Sexuality Policy Watch

Armenia: Changes in the law on abortion

Originally posted by the International Campaign for Women’s Right to Safe Abortion on 02/11/2016. Available at: 


A number of changes were made in the Law (Article 10) covering abortion. The amended version of the law has been signed by the President and came into force from 6 August 2016. The objectives of the amendments were as follows:

– Sex-selective abortions are prohibited by law (such a provision was not included in earlier legislation).
– It is now an obligation to provide a mandatory three-day “period of reflection” before the final decision of a woman who has applied for an abortion.
– Commitment to set mandatory counselling before the abortion, in order to provide the woman with details of all the consequences and complications of pregnancy, as well as informing her and raising awareness of contraceptive methods after termination of pregnancy.
– The Minister of Health are assigned to medical, social abortion instructions, contraindications, powers invested to establish standard forms of documents necessary to establish lists of research, the process of abortion.
– It was also stipulated administrative responsibility for the doctor in case of failure to comply with a written notification and consent procedure.

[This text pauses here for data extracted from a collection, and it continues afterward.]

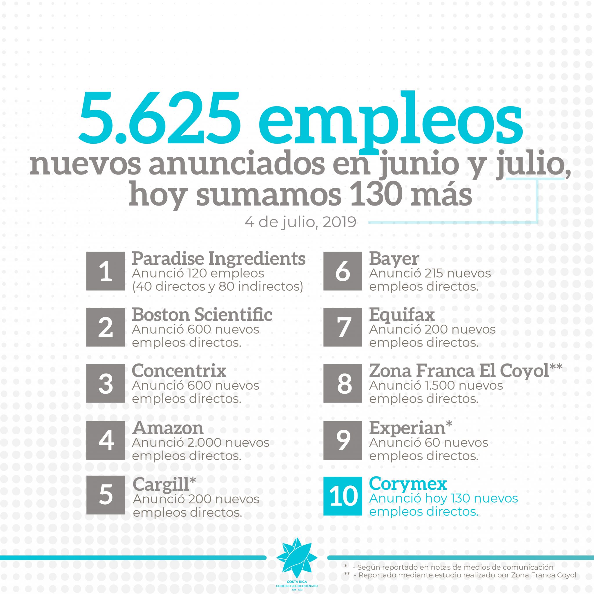 - Zona Franca El Coyol: 1.500 empleos directos.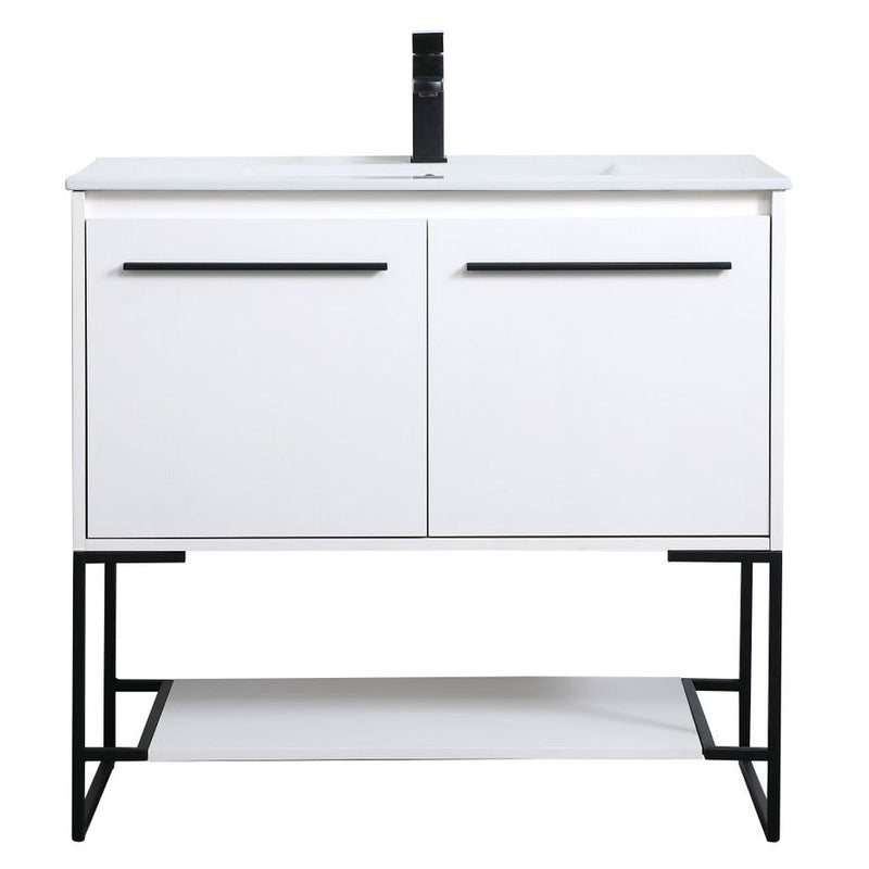 Live in modern comfort with this 36" white finish vanity. Dressed in a concrete grey and sleek black metal hardware, its contemporary style will have your bathroom or powder room elevated in industrial sophistication. The open shelf at the base and two doors reveal ample storage space for your bathroom essentials and miscellany. Clean lines create its own visual interest, adding trendy looks to your already chic room.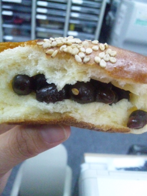 本日のおやつは「あんぱん」でも、このあんぱん「つぶつぶ」なんです。すごいでしょ。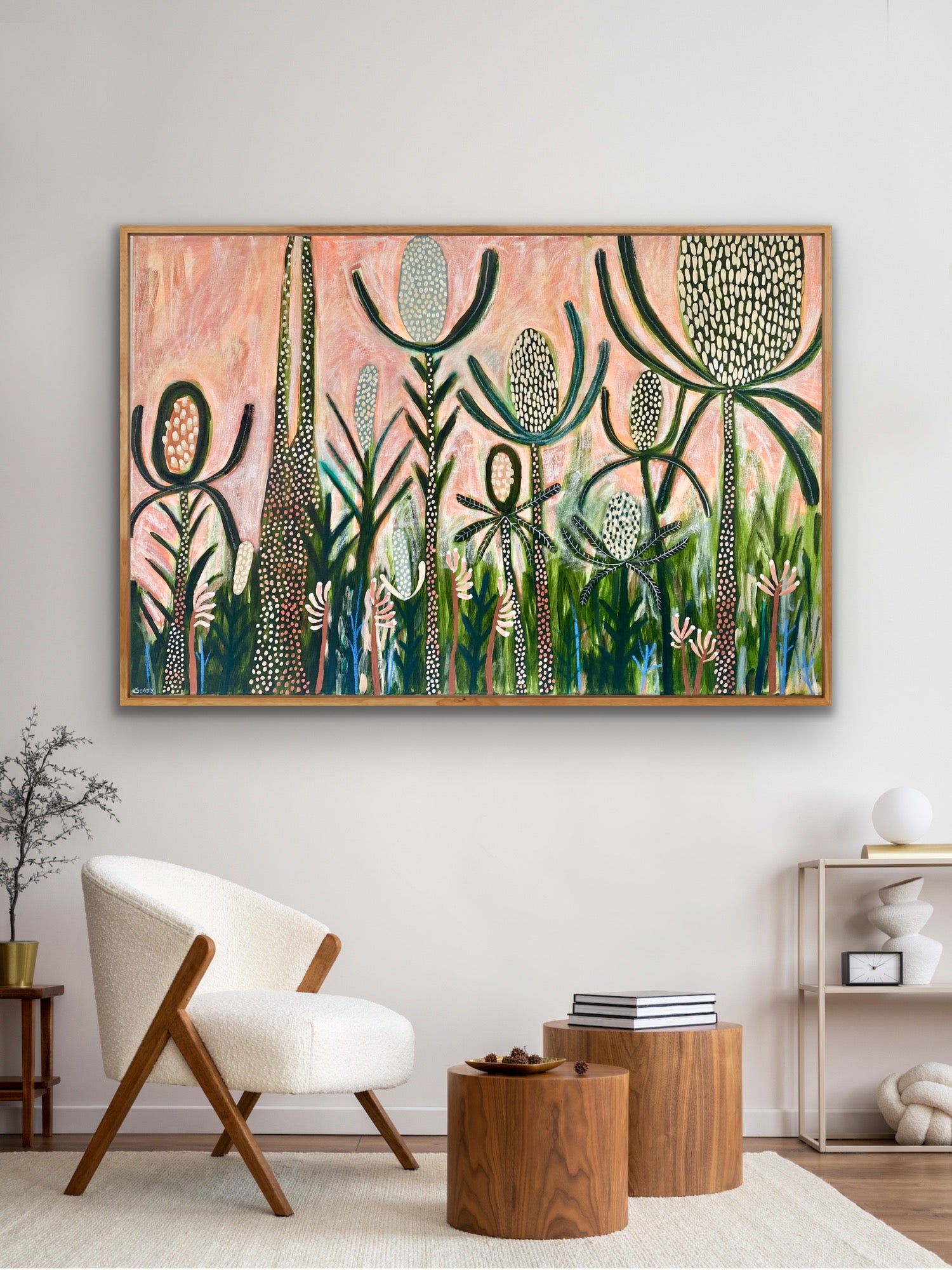 Framed in Tasmanian Oak in the Blue Mountains and ready to hang.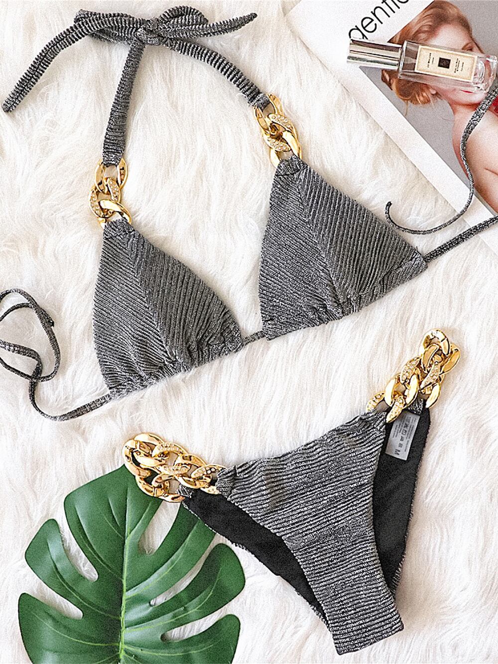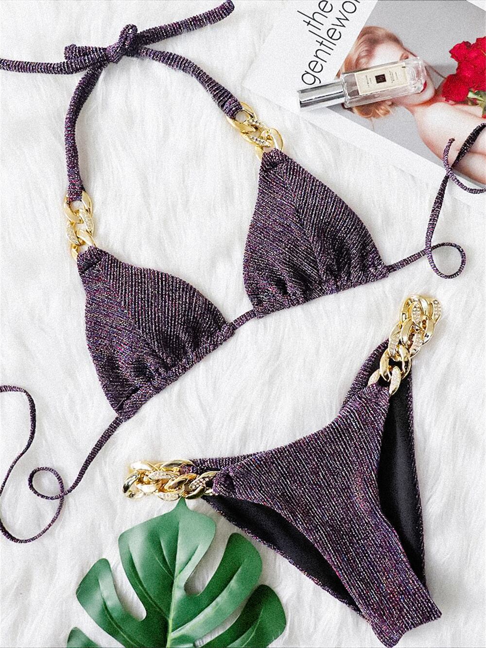 送料無料 2022セクシーなラインストーンチェーンストラップビキニセット女性水着ストリングホルター水着プッシュアップ水着水着ビーチウェア AE15336650487618047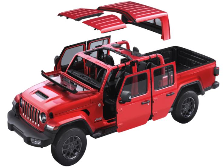 Le linee del nuovo Gladiator, sono quelle inconfondibili dei modelli Jeep. Imponente e muscolosa, solo a guardarla trasuda robustezza nei materiali. Le superfici vetrate sono piccoline, e, la caratteristica più interessante, è rappresentata da un “ritorno al passato”, con tetto, sportelli e parabrezza che si possono togliere, rendendo la Jeep, totalmente scoperta per le “avventure” estive.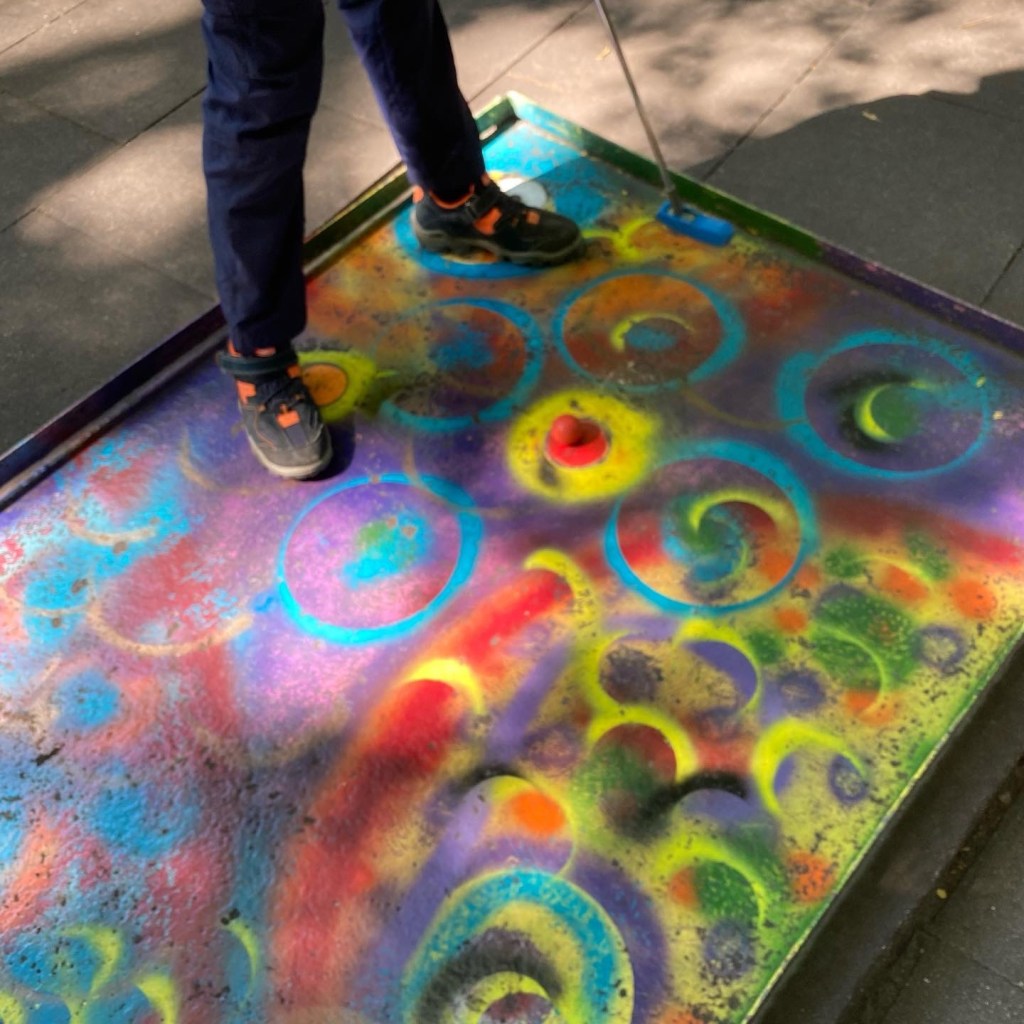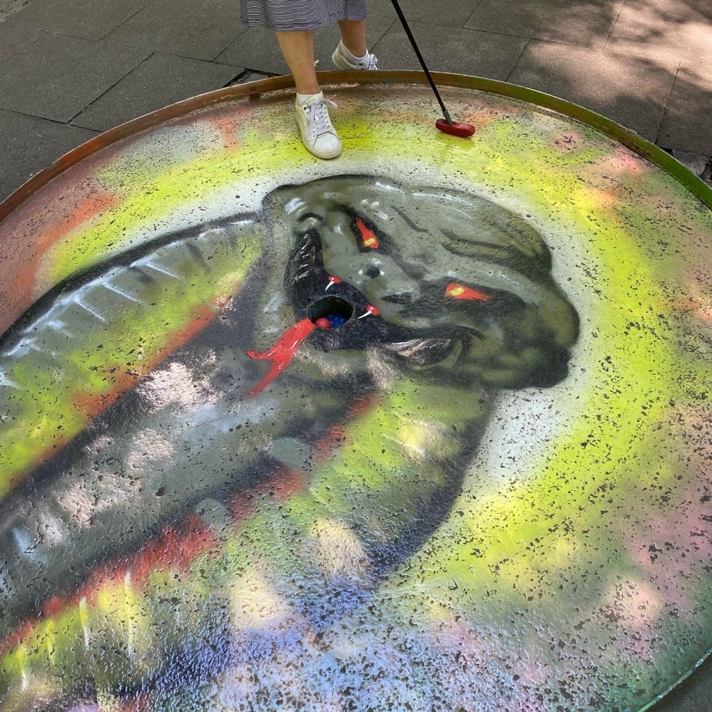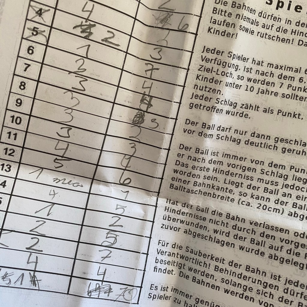 [kneteeis:] „Fand ich auch. Aber immerhin waren wir jetzt mal hier – nach dem wir an der Minigolfanlage immer vorbeilaufen, wurde das höchste Zeit. Außerdem soll das aktuell die älteste noch betriebene Minigolfanlage in Deutschland sein.“

For more information on the text, see:

The Women’s Resource Center, a women’s rights organization, has expressed its concerns about the following points:

1. Armenia does have some abortions on the basis of sex, and the numbers are quite troubling. Each year, 1,400 girls are not born because of sex-selective abortion of a fetus in pregnancy. The results are documented by the UN Population Fund, the Ministry of Health and Perinatology, Obstetrics and Gynecology, a joint research institution. The statistics from official data, since 1993, report the sex ratio to be 110 to 120 boys per 100 girls. At the same time, the natural sex ratio is supposed to be 102 to 106 boys per 100 girls. When the government decides to introduce a law that prohibits sex-selective abortions, there should be an understanding of the laws that prevent change, in order to move forward. As long as society does not change the view that men have a more dominant role than women, and does not realize that women should have equal rights and opportunities with men in every field, no change will occur. This is evidenced by the fact that abortion laws only allow abortions to be performed after twelve weeks if there are certain factors as regards social consideration, which, naturally, do not cover abortions based on sex. Still, at this time they are being carried out and some abortions are sex selective. In order to change society’s attitude towards this phenomenon, steps of special education without prohibition are necessary.

2. It is necessary to understand the nature and the purpose of counselling, which should be carried out with women before they need an abortion. We fear that during the counselling intended by the new law, the woman will be presented only with negative consequences of abortion and the accusation that it is her sin if she has an abortion, and this is how she would hurt herself. Instead, counselling should be carried out by specially trained professionals on the medical staff.

3. At the same time, we believe that the preparation of all the necessary documents required by the UN [note: meaning unclear] should be established in a short period of time. Changes should be implemented quickly because the procedure can take quite a long time and this complicates a woman’s health and mental state. We have reservations about the fact that the [UN] decides whether the social indications permitted to access to abortion are justified or not. It could create a quite subjective and biased attitude. We attach importance to clearly setting out the social indicators allowed to carry out the procedures for all women in an equitable and transparent manner.

4. The Women’s Resource Center is concerned about the changes in the law, because as we understand it, these changes have been made to impose the most strict control over abortion. Note that all of the countries where abortion is prohibited or there are obstacles related to the law, the birth rate is increasingly low, while in contrast, women’s deaths are more common. In addition, women’s reproductive health problems are more common. In the cases where women seek to use the legal services for abortion, they will also have to face a [biased] lecture on negative consequences of abortion.

In Armenia, the number of abortions is high. The reason is misinformation about contraceptive methods and violation of a woman’s right to make her own decisions. Consequently, we urge not to implement the new restrictions and controls, but to organize informational and educational events that will include a series of programmes aimed at the right to gender equality and access to contraception. It is important that these programmes are available in all regions.